**WORK REQUEST:**
Look through the records below for the line with "仆在钱塘,一日谒陈述(古),邀余饮堂前小" and the line with "ΔE Greyscale Calman: 2", then return those lines and all lines between, exactly.

Start of PROVIDED DATA

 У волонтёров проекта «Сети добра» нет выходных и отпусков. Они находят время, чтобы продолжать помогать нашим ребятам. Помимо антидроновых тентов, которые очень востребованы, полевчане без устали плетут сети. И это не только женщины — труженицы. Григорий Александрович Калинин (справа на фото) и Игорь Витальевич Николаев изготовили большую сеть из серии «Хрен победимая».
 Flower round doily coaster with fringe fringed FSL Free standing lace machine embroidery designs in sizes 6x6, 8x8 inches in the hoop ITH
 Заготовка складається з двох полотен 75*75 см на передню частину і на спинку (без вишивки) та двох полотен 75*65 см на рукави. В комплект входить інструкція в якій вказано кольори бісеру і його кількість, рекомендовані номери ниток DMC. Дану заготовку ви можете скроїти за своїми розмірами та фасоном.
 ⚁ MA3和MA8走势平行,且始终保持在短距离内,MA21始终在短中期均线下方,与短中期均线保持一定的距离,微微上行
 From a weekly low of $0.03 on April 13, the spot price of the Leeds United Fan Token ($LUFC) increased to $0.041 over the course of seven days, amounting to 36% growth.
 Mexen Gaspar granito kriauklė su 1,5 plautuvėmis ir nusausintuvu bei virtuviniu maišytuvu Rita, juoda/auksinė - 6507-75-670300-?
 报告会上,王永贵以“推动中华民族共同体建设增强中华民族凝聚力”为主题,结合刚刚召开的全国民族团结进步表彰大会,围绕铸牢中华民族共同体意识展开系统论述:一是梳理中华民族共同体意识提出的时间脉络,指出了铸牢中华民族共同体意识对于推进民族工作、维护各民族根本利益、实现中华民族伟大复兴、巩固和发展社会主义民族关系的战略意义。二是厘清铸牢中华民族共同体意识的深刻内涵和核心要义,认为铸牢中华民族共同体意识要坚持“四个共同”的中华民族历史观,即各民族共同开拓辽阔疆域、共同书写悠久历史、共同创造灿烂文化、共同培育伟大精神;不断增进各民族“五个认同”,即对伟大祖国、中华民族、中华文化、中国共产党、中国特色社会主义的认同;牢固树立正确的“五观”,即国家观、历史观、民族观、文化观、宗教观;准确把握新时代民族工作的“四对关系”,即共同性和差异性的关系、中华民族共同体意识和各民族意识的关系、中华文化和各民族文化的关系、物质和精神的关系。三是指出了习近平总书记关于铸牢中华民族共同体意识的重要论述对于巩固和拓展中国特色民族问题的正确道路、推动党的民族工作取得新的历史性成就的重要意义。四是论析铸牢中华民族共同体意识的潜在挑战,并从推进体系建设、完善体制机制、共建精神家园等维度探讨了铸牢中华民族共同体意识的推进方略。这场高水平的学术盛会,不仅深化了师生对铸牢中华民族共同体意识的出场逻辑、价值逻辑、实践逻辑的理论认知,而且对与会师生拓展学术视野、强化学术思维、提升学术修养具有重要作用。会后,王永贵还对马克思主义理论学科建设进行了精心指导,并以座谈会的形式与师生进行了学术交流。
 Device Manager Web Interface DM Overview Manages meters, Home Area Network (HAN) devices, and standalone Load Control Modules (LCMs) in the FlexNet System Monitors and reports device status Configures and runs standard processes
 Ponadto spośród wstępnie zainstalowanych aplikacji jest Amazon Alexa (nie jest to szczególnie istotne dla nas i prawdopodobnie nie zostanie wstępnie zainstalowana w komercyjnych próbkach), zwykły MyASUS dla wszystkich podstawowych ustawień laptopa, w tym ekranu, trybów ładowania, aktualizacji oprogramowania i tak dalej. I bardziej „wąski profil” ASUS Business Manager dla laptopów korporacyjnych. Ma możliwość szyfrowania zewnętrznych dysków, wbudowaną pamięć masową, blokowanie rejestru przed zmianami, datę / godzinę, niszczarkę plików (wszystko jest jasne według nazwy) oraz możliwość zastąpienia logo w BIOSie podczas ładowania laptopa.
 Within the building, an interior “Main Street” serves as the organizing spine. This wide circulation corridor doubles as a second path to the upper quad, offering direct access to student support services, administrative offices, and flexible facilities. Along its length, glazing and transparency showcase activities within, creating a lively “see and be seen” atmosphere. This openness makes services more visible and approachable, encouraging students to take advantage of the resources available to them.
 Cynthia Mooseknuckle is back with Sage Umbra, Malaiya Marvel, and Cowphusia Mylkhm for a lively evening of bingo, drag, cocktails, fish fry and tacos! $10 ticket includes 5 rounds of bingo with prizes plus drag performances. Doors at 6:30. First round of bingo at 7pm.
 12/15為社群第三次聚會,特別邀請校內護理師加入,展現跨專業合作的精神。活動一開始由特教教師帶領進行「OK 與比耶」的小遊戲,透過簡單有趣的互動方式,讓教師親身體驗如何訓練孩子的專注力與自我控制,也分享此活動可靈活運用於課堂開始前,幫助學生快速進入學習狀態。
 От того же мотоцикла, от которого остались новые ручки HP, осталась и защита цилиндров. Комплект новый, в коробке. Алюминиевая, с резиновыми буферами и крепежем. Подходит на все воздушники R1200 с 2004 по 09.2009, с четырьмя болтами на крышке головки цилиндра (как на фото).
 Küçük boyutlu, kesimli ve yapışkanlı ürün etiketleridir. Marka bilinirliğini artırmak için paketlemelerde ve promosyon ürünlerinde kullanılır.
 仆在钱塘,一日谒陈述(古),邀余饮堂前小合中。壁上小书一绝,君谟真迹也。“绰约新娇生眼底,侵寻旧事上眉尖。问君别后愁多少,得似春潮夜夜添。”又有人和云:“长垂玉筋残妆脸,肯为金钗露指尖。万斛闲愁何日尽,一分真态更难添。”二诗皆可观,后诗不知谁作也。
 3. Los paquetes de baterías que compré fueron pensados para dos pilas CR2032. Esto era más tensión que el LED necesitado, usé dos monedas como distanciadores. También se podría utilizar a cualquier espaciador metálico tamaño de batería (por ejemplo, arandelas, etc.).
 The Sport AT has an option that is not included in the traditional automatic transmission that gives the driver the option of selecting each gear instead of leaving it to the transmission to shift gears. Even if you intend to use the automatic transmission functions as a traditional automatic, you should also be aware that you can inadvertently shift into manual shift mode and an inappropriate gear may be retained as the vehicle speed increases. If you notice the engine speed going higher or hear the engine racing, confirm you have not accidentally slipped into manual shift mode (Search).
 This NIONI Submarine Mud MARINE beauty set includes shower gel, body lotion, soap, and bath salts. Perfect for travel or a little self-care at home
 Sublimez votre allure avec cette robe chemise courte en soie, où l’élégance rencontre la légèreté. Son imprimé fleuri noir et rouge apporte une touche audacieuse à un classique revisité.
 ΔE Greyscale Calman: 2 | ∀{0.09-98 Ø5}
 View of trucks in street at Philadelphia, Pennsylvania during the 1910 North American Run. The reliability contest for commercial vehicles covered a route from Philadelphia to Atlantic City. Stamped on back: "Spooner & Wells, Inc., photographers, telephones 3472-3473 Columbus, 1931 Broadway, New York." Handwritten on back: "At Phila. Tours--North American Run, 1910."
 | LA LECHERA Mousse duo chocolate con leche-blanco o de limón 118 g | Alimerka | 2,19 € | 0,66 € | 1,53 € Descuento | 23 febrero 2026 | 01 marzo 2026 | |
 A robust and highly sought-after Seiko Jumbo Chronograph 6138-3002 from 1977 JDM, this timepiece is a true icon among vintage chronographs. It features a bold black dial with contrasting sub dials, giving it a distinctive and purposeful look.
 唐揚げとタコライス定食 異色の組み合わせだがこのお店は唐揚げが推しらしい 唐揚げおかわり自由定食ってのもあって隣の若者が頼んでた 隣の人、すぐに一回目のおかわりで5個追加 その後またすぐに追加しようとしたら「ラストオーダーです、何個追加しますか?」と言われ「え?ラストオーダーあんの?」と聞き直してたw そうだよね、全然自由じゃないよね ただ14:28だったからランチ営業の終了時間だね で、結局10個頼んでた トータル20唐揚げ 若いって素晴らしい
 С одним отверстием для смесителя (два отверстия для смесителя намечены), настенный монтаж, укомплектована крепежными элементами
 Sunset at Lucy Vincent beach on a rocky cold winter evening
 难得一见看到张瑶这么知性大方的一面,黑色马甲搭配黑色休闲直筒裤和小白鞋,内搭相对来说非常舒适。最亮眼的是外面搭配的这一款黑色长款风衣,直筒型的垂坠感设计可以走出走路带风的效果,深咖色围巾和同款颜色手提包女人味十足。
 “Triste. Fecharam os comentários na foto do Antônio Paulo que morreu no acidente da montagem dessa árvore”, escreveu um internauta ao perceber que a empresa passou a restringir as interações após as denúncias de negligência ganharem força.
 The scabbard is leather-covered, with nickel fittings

End of PROVIDED DATA

**EXERCISE SOLUTION:**
 仆在钱塘,一日谒陈述(古),邀余饮堂前小合中。壁上小书一绝,君谟真迹也。“绰约新娇生眼底,侵寻旧事上眉尖。问君别后愁多少,得似春潮夜夜添。”又有人和云:“长垂玉筋残妆脸,肯为金钗露指尖。万斛闲愁何日尽,一分真态更难添。”二诗皆可观,后诗不知谁作也。
 3. Los paquetes de baterías que compré fueron pensados para dos pilas CR2032. Esto era más tensión que el LED necesitado, usé dos monedas como distanciadores. También se podría utilizar a cualquier espaciador metálico tamaño de batería (por ejemplo, arandelas, etc.).
 The Sport AT has an option that is not included in the traditional automatic transmission that gives the driver the option of selecting each gear instead of leaving it to the transmission to shift gears. Even if you intend to use the automatic transmission functions as a traditional automatic, you should also be aware that you can inadvertently shift into manual shift mode and an inappropriate gear may be retained as the vehicle speed increases. If you notice the engine speed going higher or hear the engine racing, confirm you have not accidentally slipped into manual shift mode (Search).
 This NIONI Submarine Mud MARINE beauty set includes shower gel, body lotion, soap, and bath salts. Perfect for travel or a little self-care at home
 Sublimez votre allure avec cette robe chemise courte en soie, où l’élégance rencontre la légèreté. Son imprimé fleuri noir et rouge apporte une touche audacieuse à un classique revisité.
 ΔE Greyscale Calman: 2 | ∀{0.09-98 Ø5}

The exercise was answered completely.